Обменявшись с ним несколькими словами, хозяин спросил про меня:

— А это кто с тобою? внучек, что ли?

— Правнучек приходится, — Пелагеи Ивановны внучек, — сказал Никита Панфилыч, погладив меня по голове, и, взяв за руку повыше локтя, подле плеча, подвинул к лежанке.

Хотя мой нос подвинулся к Степану Корнилычу от нагольного полушубка, но все-таки услышал сильный прелый и жирный запах от одежи и рук Степана Корнилыча.

Степан Корнилыч тоже погладил меня по голове, Никита Пан-филыч отодвинул назад к себе, я снова оперся на его коленку локтем и так простоял все время нашего посещения, часа три, я думаю, и, должно быть, не устал, не помню.

— Чайку надо с тобою выпить, Никита Панфилыч. Прасковья Петровна, вели чаю дать.

Никита Панфилыч начал свои рассказы, которые говорил и бабушке, Степан Корнилыч слушал. Молодец внес самовар, поставил прибор. Степан Корнилыч слез с лежанки, подсел к столу с чаем; стол был простой липовый, крашеный «мумиею» (кроваво-красная краска), как и стулья.

— Давай чай наливать, — таким чаем тебя никто не угостит, как я, — не умеют, надо знать, как с ним обходиться.

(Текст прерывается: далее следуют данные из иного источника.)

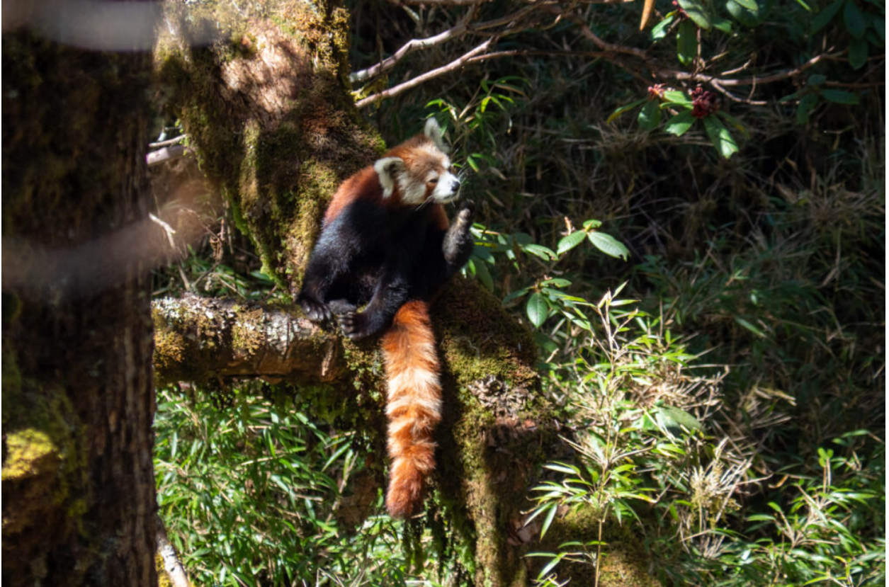
Red Panda
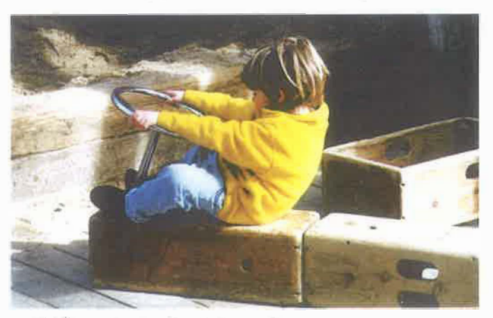
Laurel Hill Nursery School Play Yard San Francisco
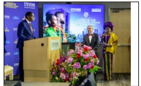
446_0313-LoRes.... 1.2 MiB
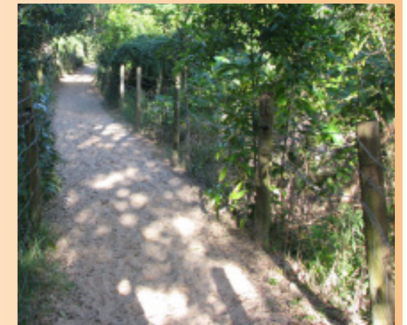
Beach access path Lions Park
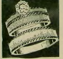
DIAMOND 3-SOME..... $150
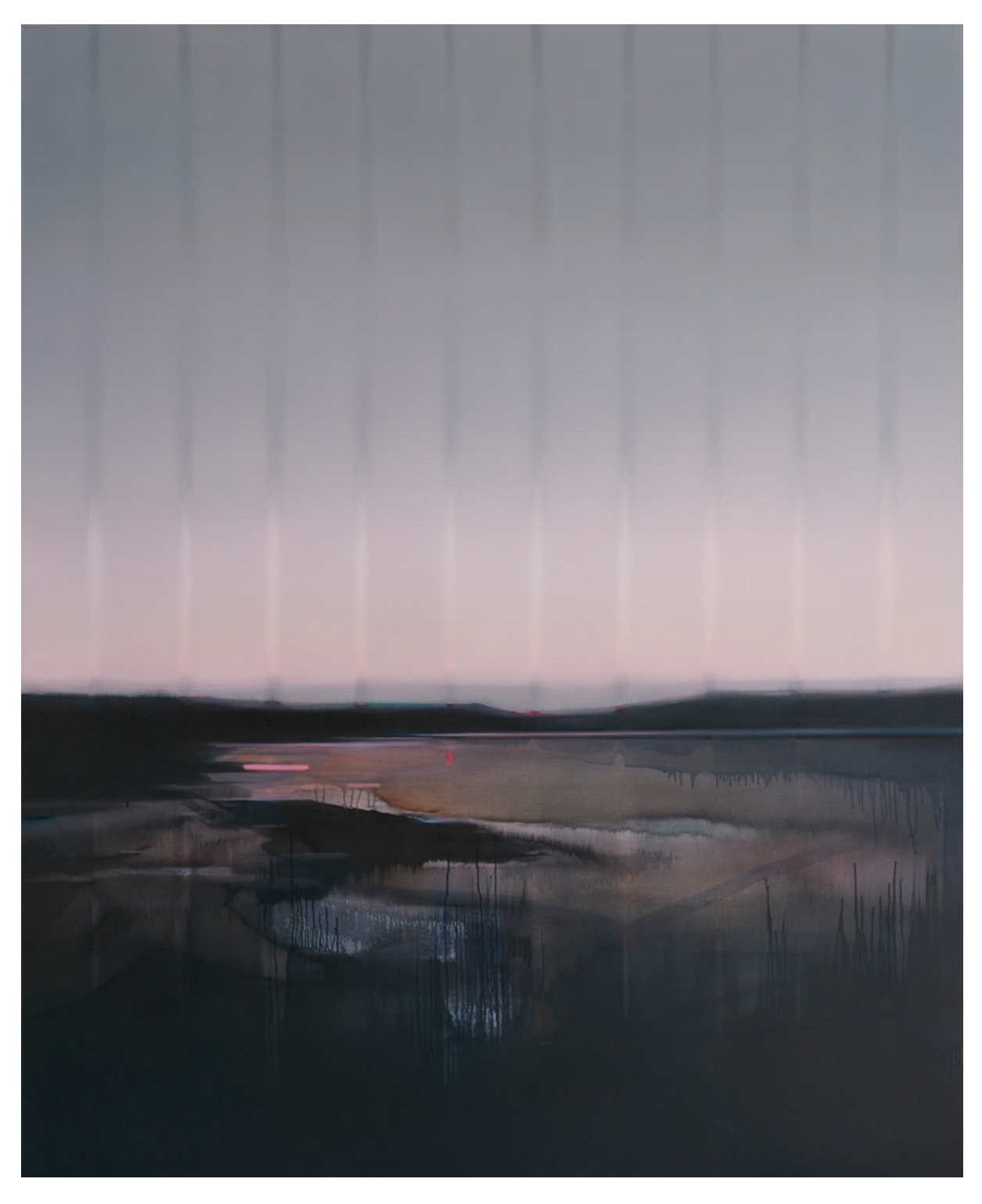
Slow Wave Cycle (Barragga Lake), 2021, oil on linen, 245 x 198 cm

Он взял толстое, грязноватое полотенце, разостлал его по широко расставленным коленам по своему засаленному халату, так что концы висели с обеих сторон поровну, высморкал нос рукою, обтер руку о халат, взял полотенце обеими руками — на половину рука от руки — в горсть, так что середина полотенца свернулась и натянулась, этим натянутым свертком он два раза провел у себя под носом — утерся — и снова разложил его на коленях прежним развернутым порядком, ототкнул жестяную чайницу, взял в правую руку, подставил левую ладонь, высыпал на нее чаю, сколько было нужно по чайнику, заткнул чайницу, отставил к стороне, наложил правую руку на левую, на которой лежал чай, — а руки были весьма потные и грязные, какие даже у меня редко бывали после игры в бабки (по-нашему — в козны), — и начал растирать чай. Тер долго, начал так, что провел ладонь вдоль ладони, потом так вертел ладонь на ладони, потом снова вел вдоль, — сделал раза четыре такую смену дирекции, сказал: «теперь можно в чайник, — от этого вкус в нем: не растер — вкусу того не будет».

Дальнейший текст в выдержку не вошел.